How to Custom Font Training for Tesseract 5 in C#

How to Train a Custom Font with Tesseract 5 in C#

The default Tesseract English model misreads plenty of real-world inputs: hospital handwritten intake forms, vintage book digitizations, a game studio's bespoke decorative typeface, or industry-specific symbols a generic OCR engine has never seen. The fix is to train Tesseract on the exact font yourself, producing a single .traineddata artifact you can ship anywhere IronOCR runs.

This guide walks through Tesseract 5 custom font training end to end in C#: install the WSL2 Ubuntu toolchain, render .box and .tif training files from your .ttf or .otf, build the .traineddata model with tesstrain against a base eng.traineddata, then load the result in IronOCR. Once trained, the file is portable across Windows, macOS, Linux, and Docker.

Quickstart: Use Your Trained Font File in C#

Configure IronOCR by pointing UseCustomTesseractLanguageFile at your trained .traineddata file, then call Read on any image as you would with a stock language pack.

  1. Install IronOCR with NuGet Package Manager

    PM > Install-Package IronOcr
  2. Copy and run this code snippet.

    using IronOcr;
    
    var ocr = new IronTesseract();
    ocr.UseCustomTesseractLanguageFile("path/to/YourCustomFont.traineddata");
    string text = ocr.Read(new OcrInput("image-with-special-font.png")).Text;
  3. Deploy to test on your live environment

    Start using IronOCR in your project today with a free trial

    arrow pointer

How Do I Set Up the Training Environment?

How Do I Install IronOCR?

Install IronOCR via NuGet:

Install-Package IronOcr

The DLL package is a manual alternative if you cannot use NuGet. For the underlying engine, see the Tesseract 5 features guide and the custom language reference.

How Do I Install and Set Up WSL2 and Ubuntu?

Refer to the tutorial on Setting up WSL2 and Ubuntu.

Please noteCustom font training requires Linux.

WSL2 is enough: once training is done, the resulting .traineddata file ships with your IronOCR app on Windows, macOS, Linux, or Docker. For deployment details, see the Linux deployment guide.

How Do I Install Tesseract 5 on Ubuntu?

Use these commands to install Tesseract 5:

sudo apt install tesseract-ocr
sudo apt install libtesseract-dev
sudo apt install tesseract-ocr
sudo apt install libtesseract-dev
SHELL

The tesseract-ocr package is the engine that runs recognition; libtesseract-dev exposes the headers that tesstrain needs to build a model. Once your trained file is in use, the Tesseract configuration guide covers runtime tuning.

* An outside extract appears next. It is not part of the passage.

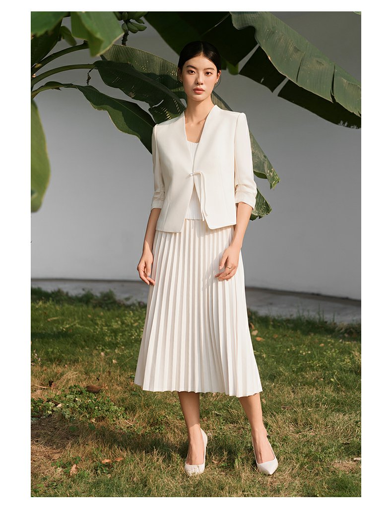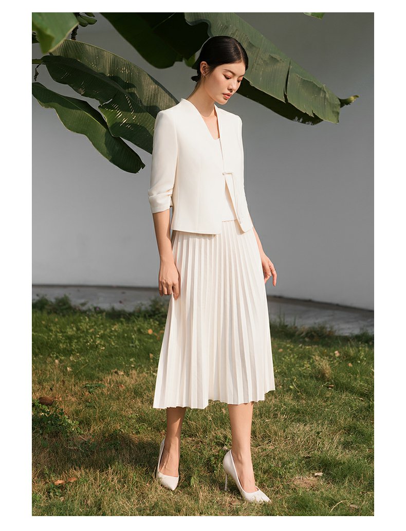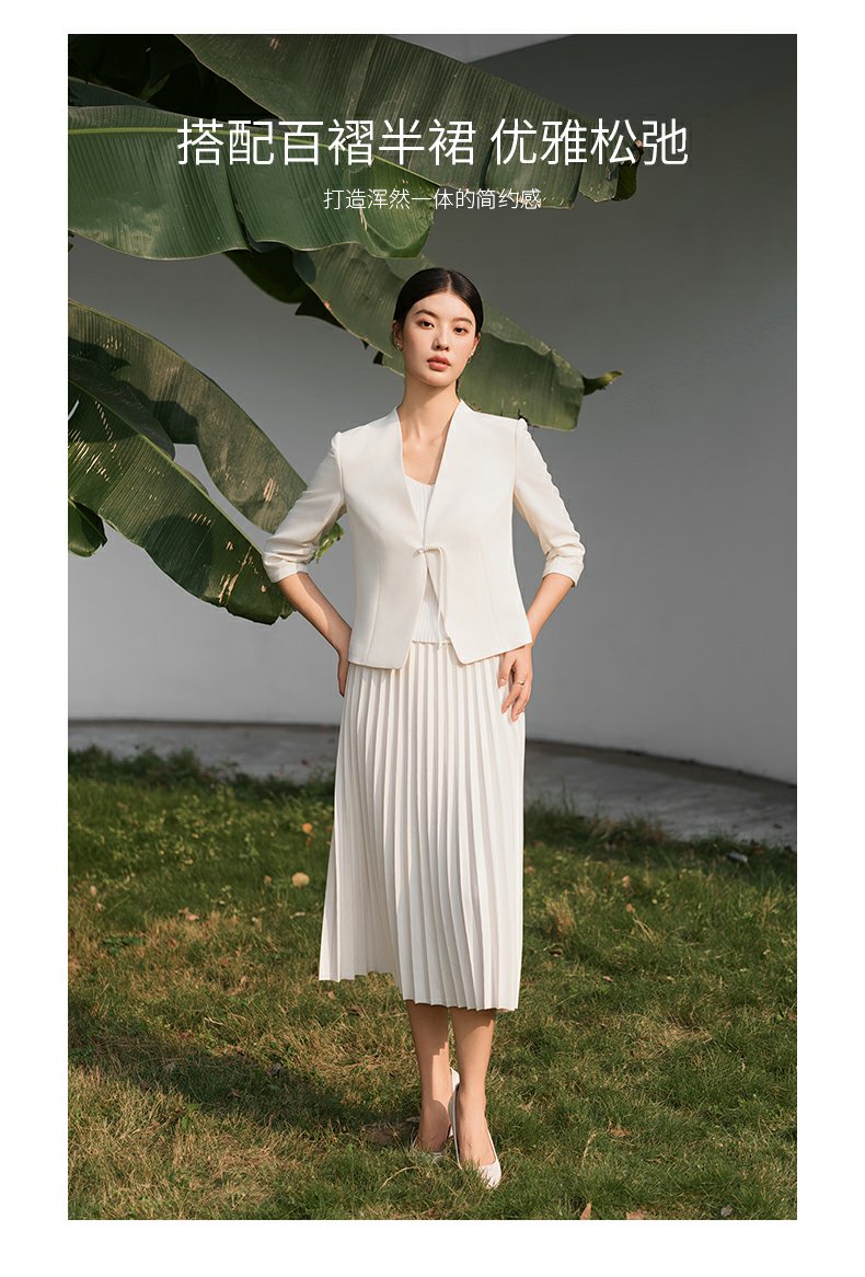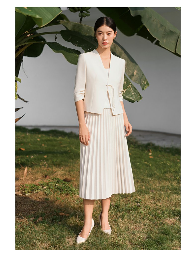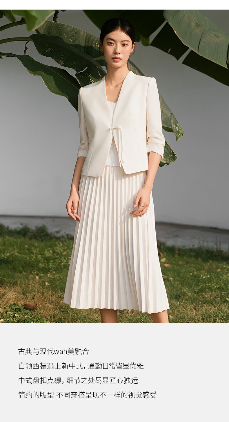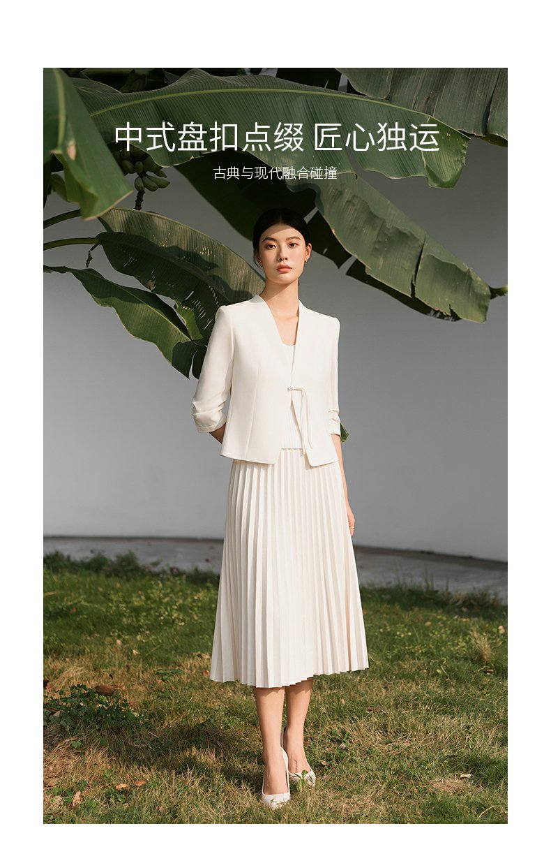 IWY/气质设计感盘扣西装套裙女夏薄款短款西服百褶裙珠宝设计师工作服C14240+S14265

How Do I Prepare the Font for Training?

Which Font Should I Download?

This tutorial uses the AMGDT font, in either .ttf or .otf format.

Windows File Explorer showing downloaded AMGDT Regular.ttf font file highlighted in red box for training

When picking a font to train:

  • Pick fonts the default English model already misreads. Training a font that's already recognized wastes time.
  • Confirm the font's license permits redistribution if your .traineddata will ship with an application.
  • Decorative, handwritten, and industry-specific fonts (medical, legal, cartographic) gain the most accuracy from training.
  • Match training samples to what production will actually see, including resolution and lighting.

How Do I Mount the Disk Drive?

Mount Drive D: as your working space:

cd /
cd /mnt/d
cd /
cd /mnt/d
SHELL

WSL2 mounts every Windows drive under /mnt/<letter>, so you can edit files on Windows and run training commands against them in the same session.

How Do I Copy the Font File to Ubuntu Font Folder?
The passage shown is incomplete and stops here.